Raped by stepfather, 14-yr-old mom determined to raise child

She held her baby awkwardly as she tenderly looked into the child’s bright eyes.

“I love she and I can’t give she away,” she said, as she continued to look at the one-month-old infant.

Under any other circumstances, I would have nodded my head eagerly in agreement but I could only look at her sadly and attempt to hide my tears.

She is 14 years old and the man who had raped her repeatedly, committed suicide days after she revealed his horrific acts. I spoke to her at the Child Care and Protection Agency office and it was one of the most difficult conversations I have ever had; this piece was just as hard to write. While I am aware that girls are being raped my conversation with her left me numb for quite some time.

“Some nights I don’t get to sleep good because I have to get up in the night and nurse she. But me foster mother does help me,” she said, breaking the silence.

I asked her, maybe insensitively, if she thought about allowing the baby girl to be adopted.

“No I don’t want that because I love she and I don’t want to give she away. I don’t want what happen to me happen to she,” she said after a pause.

I wanted to tell her that she was hardly in a position to take care of her baby girl, but said nothing.

“I does get help, you know. My foster mother does help me so is not me alone,” she said as if reading my mind. “But I want to go back to school and get an education and become a good person,” she continued.

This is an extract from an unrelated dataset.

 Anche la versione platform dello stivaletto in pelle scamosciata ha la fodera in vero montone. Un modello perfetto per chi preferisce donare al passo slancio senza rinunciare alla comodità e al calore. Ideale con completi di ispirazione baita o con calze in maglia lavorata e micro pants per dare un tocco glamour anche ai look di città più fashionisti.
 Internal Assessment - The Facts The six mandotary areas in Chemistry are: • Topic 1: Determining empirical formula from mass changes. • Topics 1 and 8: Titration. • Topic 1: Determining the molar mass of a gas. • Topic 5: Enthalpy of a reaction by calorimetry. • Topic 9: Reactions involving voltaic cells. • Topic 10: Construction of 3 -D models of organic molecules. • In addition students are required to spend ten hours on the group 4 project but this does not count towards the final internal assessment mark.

I felt it was my duty to inform her that she was not a bad person and she smiled. It was only one of the many smiles she shared during the conversation; I couldn’t smile back at her.

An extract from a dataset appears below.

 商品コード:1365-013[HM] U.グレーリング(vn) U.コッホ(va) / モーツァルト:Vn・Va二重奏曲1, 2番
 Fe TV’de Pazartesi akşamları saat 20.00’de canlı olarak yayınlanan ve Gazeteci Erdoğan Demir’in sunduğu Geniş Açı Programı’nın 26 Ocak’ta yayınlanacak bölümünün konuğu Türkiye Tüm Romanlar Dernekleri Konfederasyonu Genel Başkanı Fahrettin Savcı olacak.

I asked her about her mother.

“I miss my mother. She does come by my foster mother and help take care of the baby in the day and go back home,” she answered.

I asked if she was angry with her mother.

“No, I don’t feel angry with her I love my mother. I don’t feel it is her who mek this happen to me,” she said.

I knew the answer to this question but I still asked, ‘How did you get pregnant?’ and before she answered she gave me another of those smiles.

“I get rape,” she said simply. “My stepfather rape me and then he kill he self,” she continued.

“The first time it happen me mother was in a next bedroom and me and me brother was in a room on a top and bottom bunk. Me went on de bottom and he come in and tell me not to say anything and he tek off me clothes and he rape me. He tell me don’t tell me mother and I been frighten so I never tell she and then he start doing it again and again,” she said.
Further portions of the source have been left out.